= Robert Gagosian =

American oceanographer (born 1944)

Robert B. Gagosian (born September 17, 1944) is an American oceanographer. In 2016, he is acting president of the Desert Research Institute in Nevada. Gagosian served as president and CEO of the Consortium for Ocean Leadership in Washington, D.C., from 2007 to 2015, where he is currently president emeritus. Gagosian served as president and director of the Woods Hole Oceanographic Institution (WHOI) from 1994 to 2006, where he is currently president emeritus.

== Early life and education ==
Gagosian was born in Medford, Massachusetts to Ben and Anne Gagosian, and attended Medford High School. He received a bachelor's degree in chemistry from the Massachusetts Institute of Technology in 1966. He did his graduate work at Columbia University, where in 1970 he received a Ph.D. in organic chemistry.

== Career ==
Gagosian received a National Institutes of Health Postdoctoral Fellowship, completing research at the University of California at Berkeley between 1970 and 1972.

In 1972, Gagosian was named an assistant scientist at WHOI, where he held a number of positions. He worked as a marine geochemist, including five years as chairman of the chemistry department, six years as WHOI director of research and two as senior associate director, and was appointed director of WHOI, a position he served from 1994 until 2006.

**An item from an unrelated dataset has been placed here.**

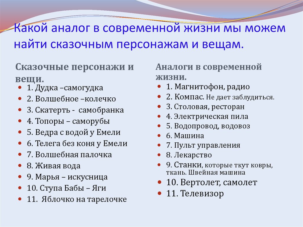 Какой аналог в современной жизни мы можемнайти сказочным персонажам и вещам.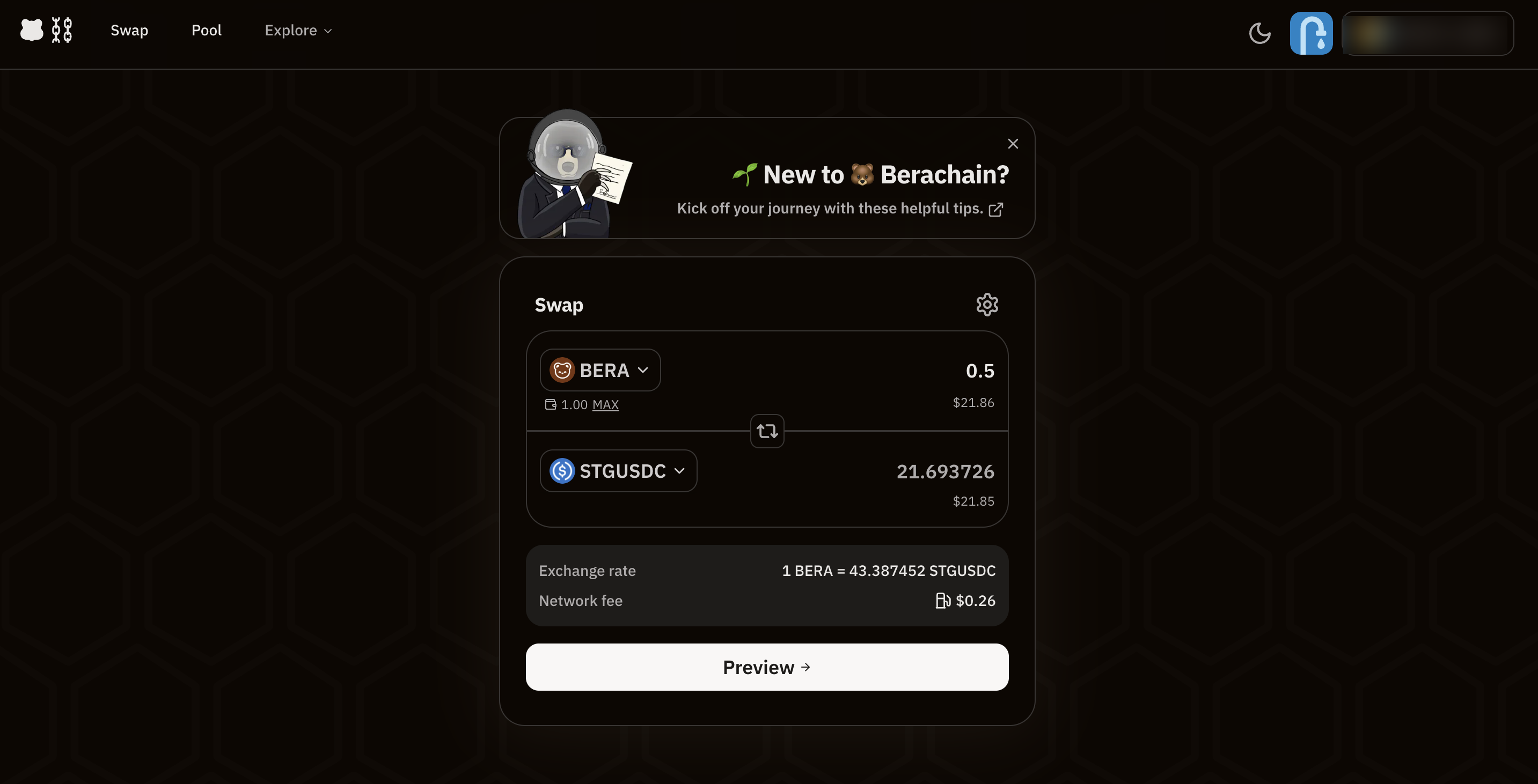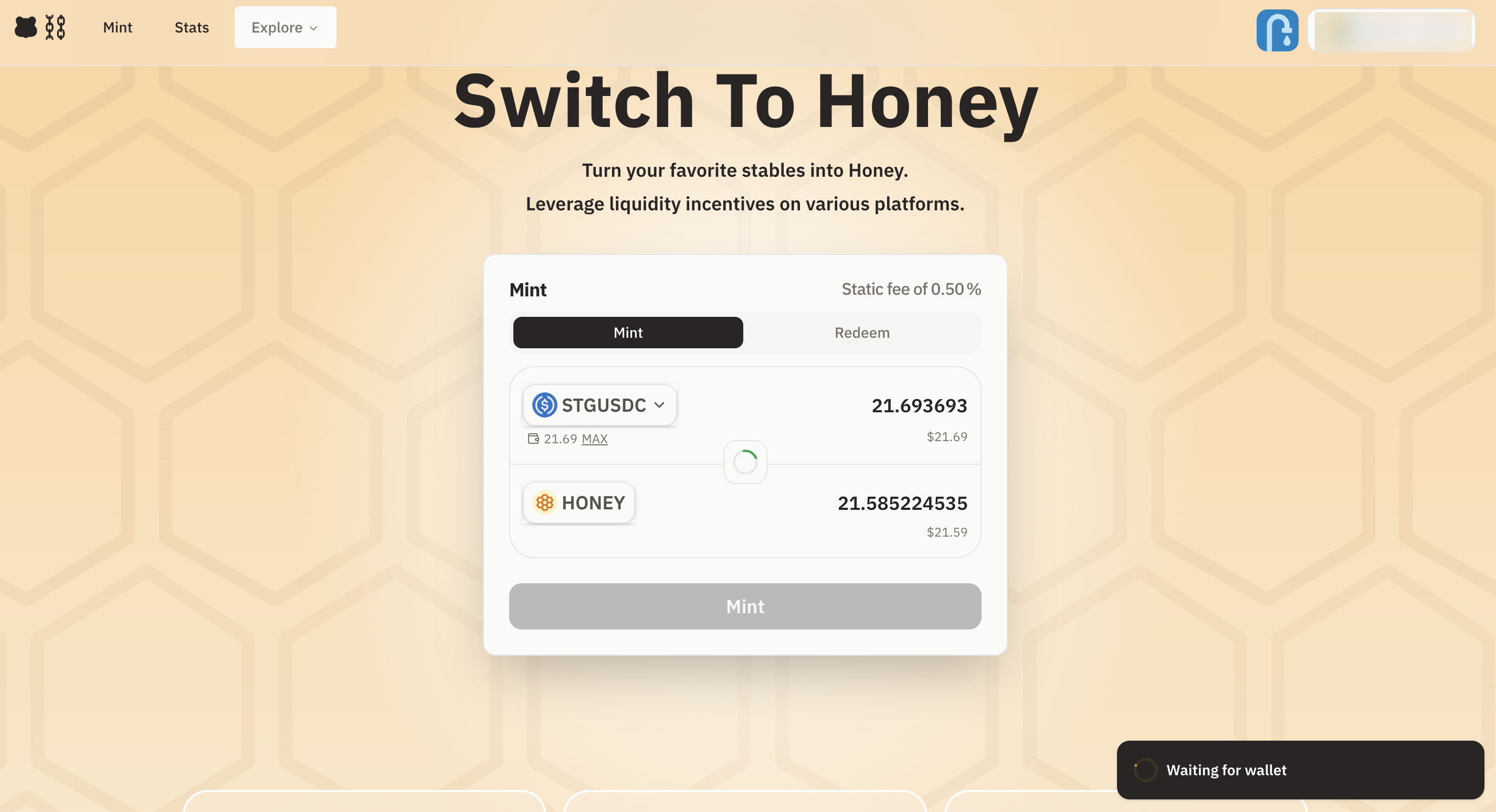 스테이블코인을 발행할 수 있는 허니 디앱으로 이동합니다. $STGUSDC를 $HONEY로 전환해주세요.

In 2006 and 2007, Gagosian served as the senior science advisor to the director of the Smithsonian National Museum of Natural History. In this capacity, he helped to develop the scientific content of the Sant Ocean Hall.

=== Scientific work ===
Gagosian studied organic substances produced by marine organisms and their transport and transformation as they dispersed through the water column to the seafloor. He participated in four field programs, including the Sea-Air Exchange Program, which he served as an executive committee member, and 14 oceanographic research voyages, including seven as chief scientist. He is the author or co-author of 85 scientific papers. He mentored five Ph.D. students and nine postdoctoral fellows.

Gagosian has been a visiting fellow the University of Otago, Dunedin, New Zealand and the Australian National University, as well as a visiting scholar at the Australian Institute of Marine Sciences and the University of Washington.

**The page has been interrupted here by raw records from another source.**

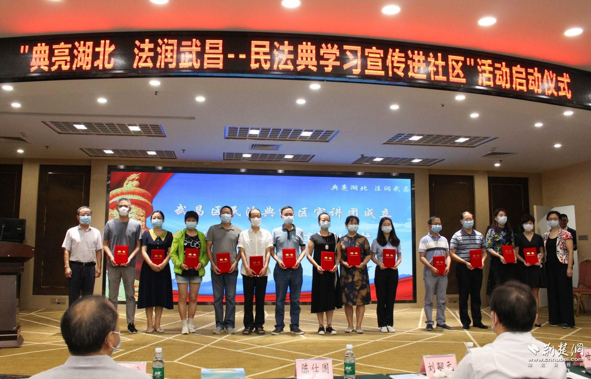 活动现场,省普法办向武昌区赠送了230套《民法典宣传挂图》,武汉市司法局、武昌区司法局有关负责人向14个街道的民法典社区宣讲团颁发了聘书。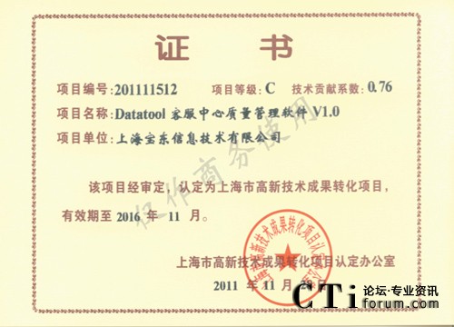 CTI論壇(ctiforum)12月7日消息(記者 張潔):2011年的最后一個(gè)月,寶東公司傳來(lái)又一好消息,公司的開(kāi)發(fā)團(tuán)隊(duì)自主開(kāi)發(fā)研制的針對(duì)呼叫中心客服的質(zhì)檢軟件“Datatool 客服中心質(zhì)量管理軟件(簡(jiǎn)稱DTQM)”經(jīng)過(guò)市高新技術(shù)轉(zhuǎn)化項(xiàng)目認(rèn)定辦公室層層審報(bào)審批,最終經(jīng)審定,被認(rèn)定為市高新技術(shù)成果轉(zhuǎn)化項(xiàng)目。CTI論壇報(bào)道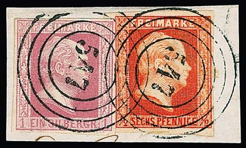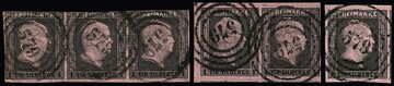 "579" (Hamm) auf zehn Werten inkl. berührtem Dreierstreifen 1 Sgr., überrandigem Paar 1 Sgr., sowie auf einzelnen Luxustücken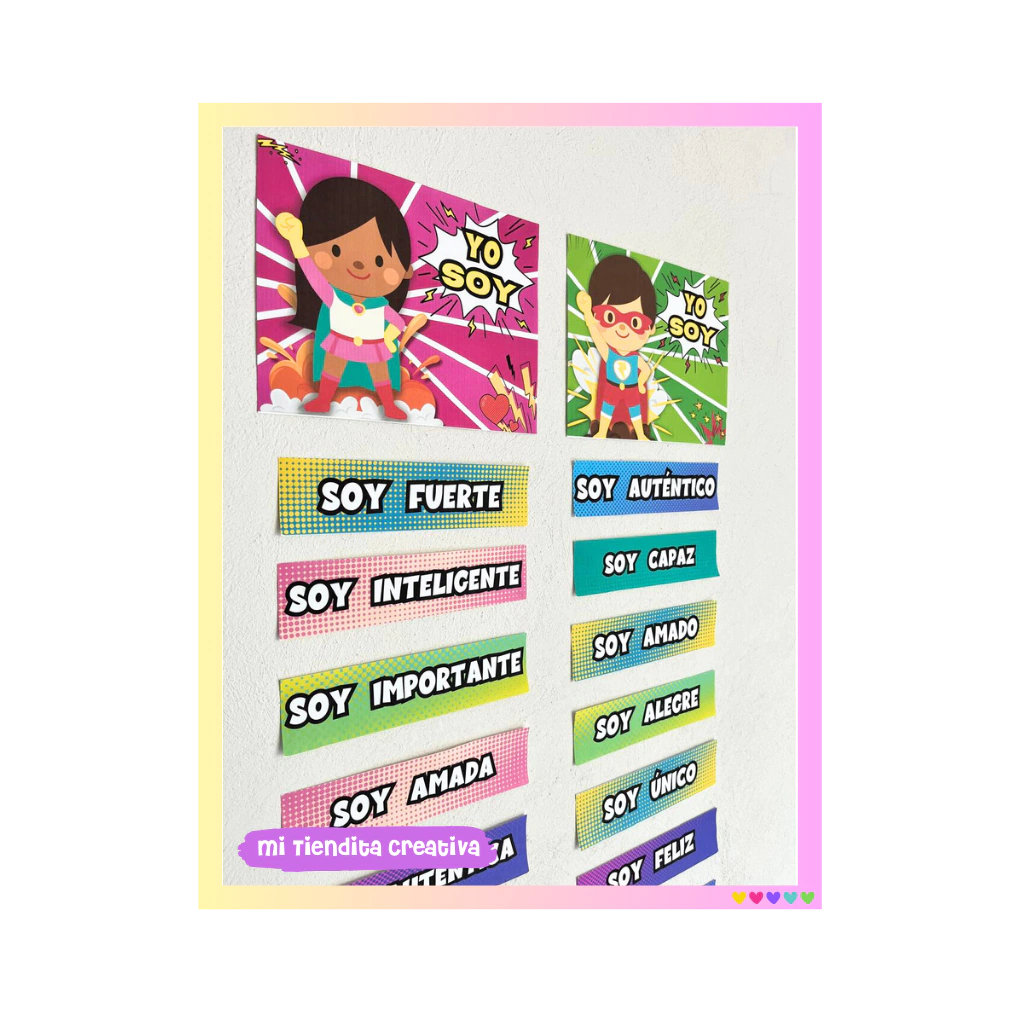 Este producto no solo embellece tu salón de clases con posters de superhéroes, sino que también fortalece la parte socioemocional de tus alumnos. Está diseñado para trabajar y reforzar la confianza y motivación en cada estudiante, recordándoles lo especiales y únicos que son.

=== Professional activities ===
Gagosian has worked on many committees, including ones for the American Association for the Advancement of Science (AAAS), the Desert Research Institute, the National Science Foundation, the Moore Foundation's Marine Microbiology Initiative, the Maine Technology Institute Asset Fund, the Geochemical Society, and the Woods Hole Oceanographic Institution. He has been a member of the Joint Ocean Commission Initiative, Leadership Council since 2010.

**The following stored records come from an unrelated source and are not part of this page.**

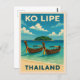 Escape al paraíso con esta vintage postal de Ko Lipe, Tailandia. Capturando las aguas turquesa de la isla, los tradicionales barcos de cola larga y el encanto tropical, esta pieza es perfecta para los amantes de la playa y los amantes de la lujuria.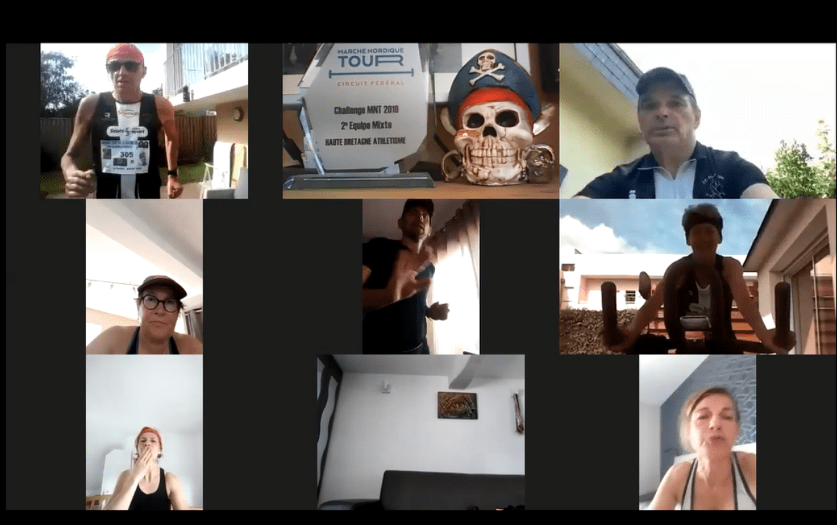 Claude Larmoyer : Face à face avec mon calendrier…. d’annulations en reports : Bouleversé notre petit monde….. et le grand aussi, depuis six semaines nous tournons en rond, confinés dans notre kilomètre. Chacun fait preuve d’invention, d’ingéniosité… une multitude d’applications, de coachs en tout genre fleurissent sur Internet. Pour moi, par chance, intégré dès le début dans le très sélect club du HBA, c’est deux séances par jour sur Zoom sous la houlette de notre vénéré druide et champion breton Denis Leux et notre grand maître de la marche nordique Gérard Bernabé pour des séances très complètes d’étirements, de renforcement, de gainage, de perception du corps, très axées sur notre sport favori. Un travail bénéfique pour le jour où nous ressortirons les bâtons… Et, cerise sur le gâteau, « la tête et les jambes », tous les deux jours, notre maîtresse de la langue de Molière, Anne François nous propose sa dictée… Là au moins je fais des podiums. La Bretagne, terre d’accueil, invite à ces séances nos amis Alsaciens et autres Chaumontais, de Jean Luc Heckmann à Martine Tremel et bien d’autres ! Et pour garder l’esprit de compétition si cher à nos cœurs, nos marcheuses et marcheurs se lancent dans des défis indoor à vocation solidaire : Lutte contre le Covid ou pour la fondation de l’Abbé Pierre entre autre. Les Nordiques courent sur tapis, vélos ou divers rameurs etc…..avec vrais dossards et dons aux associations. Encore deux semaines à tenir et nous pourrons, peut-être, reprendre de la liberté en restant très prudent… Un peu de nostalgie… de ces belles compétitions qui nous ont échappé, après Roncq et sa Jaroise et Chamarande toutes deux reportées en octobre. Ce weekend ,nous aurions dû être à Bouilly (trail de Montaigu) sur les terres de notre ami Rodolphe Cressonnier pour un superbe parcours de vingt six kilomètres… une nationale bien éprouvante, même les Bretons auraient fait le déplacement !!! Bien sûr, je serais allé à Orange le deux Mai, et à Montigny sur Loing chez nos azimutés de Marc Thoraval, à Chaumont pour un beau vingt kilomètres avec Jean Noël Le Dentu, à Villard pour les France… et une petite halte chez Didier Omaly dans le Beaujolais. Mais voilà un petit virus à tout bouleversé. Nul doute que nous en ressortirons plus forts, plein de beaux projets, de belles compétions et de belles amitiés… »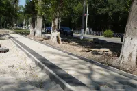 Продолжается мощение пешеходных зон. Всего предстоит уложить около 10 тысяч квадратных метров плитки. Устанавливают закладные под фонари, которых будет больше 200.

He was a speaker at the India-U.S. Workshop on Science, Diplomacy and Policy in 2011 and at the Drager-Stiftung, Drager Foundation, EU-U.S. Conference Series on Sustainable Oceans in Hamburg, Germany, also in 2011. He also worked as associate editor of Geochimica et Cosmochimica Acta, was a faculty fellow of the World Economic Forum, and was a Doherty Lecturer in Ocean Policy at the University of Virginia School of Law.

Gagosian chaired the Oregon State University President's Commission on Ocean, Coastal, and Earth System Futures in 2007, and was a member of the U.S. National Commission for the United Nations Educational, Scientific, and Cultural Organization, the Science Advisory Panel of the U.S. Commission on Ocean Policy, the advisory board of the Hudson River Institute the NOAA Science Advisory Board, and several other committees concerned with oceanography.

Gagosian was co-chairman of the Partnership for Observation of the Global Oceans and vice chairman of the Council on Ocean Affairs.

== Awards and honors ==
Gagosian was presented with the Champion of the Ocean Award (2006) by Monmouth University. He was named a Fellow of the Explorers Club as well as of the American Academy of Arts & Sciences.

In 2000, Long Island University presented him with an honorary Doctor of Science degree and Northeastern University bestowed an honorary Doctor of Science degree.